Jazz Bonus : Marius Neset - A New Dawn

Le saxophoniste ténor norvégien Marius Neset ose un disque solo dans “A New Dawn” qui paraît chez ACT.

Jazz Bonus : Marius Neset - A New Dawn
Marius Neset, © Roar Vestad

"Ce que Neset fait au saxophone permet de faire entrer cet instrument dans une nouvelle dimension" (Süddeutsche Zeitung).

L'énergie et la virtuosité inégalée avec lesquelles Marius Neset a fait irruption sur la scène n'ont pas été oubliées. En 2004, alors qu'il était un étudiant de 19 ans récemment installé à Copenhague, il a remporté le prix du jeune talent au festival Nattjazz de Norvège. Il a ensuite fait une énorme impression en tant que membre des groupes dirigés par Django Bates en 2008-2010. John Fordham du Guardian a qualifié son premier album de compositions originales de 2011 de "sensationnel, indispensable". Il était le seul artiste d'Europe dans le reportage de Downbeat en 2016 "25 For The Future", dans lequel il était décrit comme "non seulement un technicien impressionnant mais aussi un formidable compositeur." 

L'art de Marius Neset a toujours comporté bien plus que la simple virtuosité : il a réussi plusieurs projets de composition avec des orchestres classiques et de jazz, notamment sur trois des six précédents albums qu'il a produits sur ACT depuis 2014, dont l'un, "Lion", lui a valu le très convoité Grammy norvégien, le Spellemannprisen.

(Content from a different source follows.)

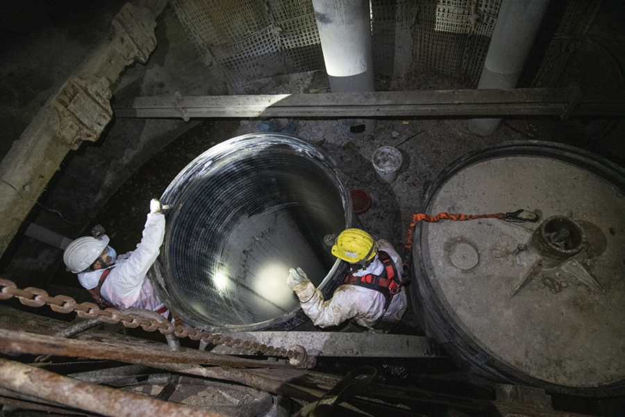 Auch für die beiden Bergwerke in Ibbenbüren und Bottrop, die noch bis zuletzt gefördert hatten, naht nun, rund zwei Jahre nach der Stilllegung der Produktion, mit dem endgültigen Abstellen der Pumpen der unwiderrufliche Abschied aus dem Grubengebäude. Während im Tecklenburger Land der Abschlussbetriebsplan zum Verlassen des Restgrubengebäudes bereits im April genehmigt worden war, erteilte die Bergbehörde diese letzte Genehmigung im November auch für Prosper-Haniel. Mit der zum Jahresbeginn erwarteten Zulassung für die Abschlussbetriebsplanergänzung des ehemaligen Bergwerks Lohberg wird die RAG dem vollständigen untertägigen Rückzug und damit der Umsetzung des Grubenwasserkonzepts im Ruhrgebiet einen weiteren entscheidenden Schritt näherkommen, denn der Standort in Dinslaken ist im Konzept der RAG von ganz entscheidender Bedeutung. „Mit dieser Zulassung kann das Grubenwasser dort auf ein Niveau von -630 Meter ansteigen. Dies wiederum ist die Voraussetzung dafür, dass das Grubenwasser von Prosper-Haniel nach Lohberg überlaufen kann und nicht mehr in die Emscher eingeleitet werden muss“, erläutert Schrimpf. Damit sei ein wichtiger Schritt getan, die Emscher bis Ende 2021 vollständig von Grubenwasser zu befreien. So könne dann auch das Generationenprojekt Emscherumbau abgeschlossen werden.

Aujourd'hui de retour en Norvège, le "Wizard from Os" (Jazznyt) trouve de nouvelles façons de combiner l'envie de construire des structures compositionnelles et d'être libre dans l'instant. Parmi les grands moments de ce septième album chez ACT, "A New Dawn", Marius Neset dit que l'un de ses préférés est Morning Mist. Sa transformation de l'ouverture du premier concerto pour violoncelle de Lutoslawski en un dialogue vivant entre deux personnages très différents, une voix haute et une voix basse, ressemble en effet à un coup de génie. Et sa nouvelle version des gigues et boucles à la Brecker dans A Day in Sparrow's Life, écrit à l'origine pour un flûtiste, communique non seulement une inspiration derviche mais aussi une joie pure.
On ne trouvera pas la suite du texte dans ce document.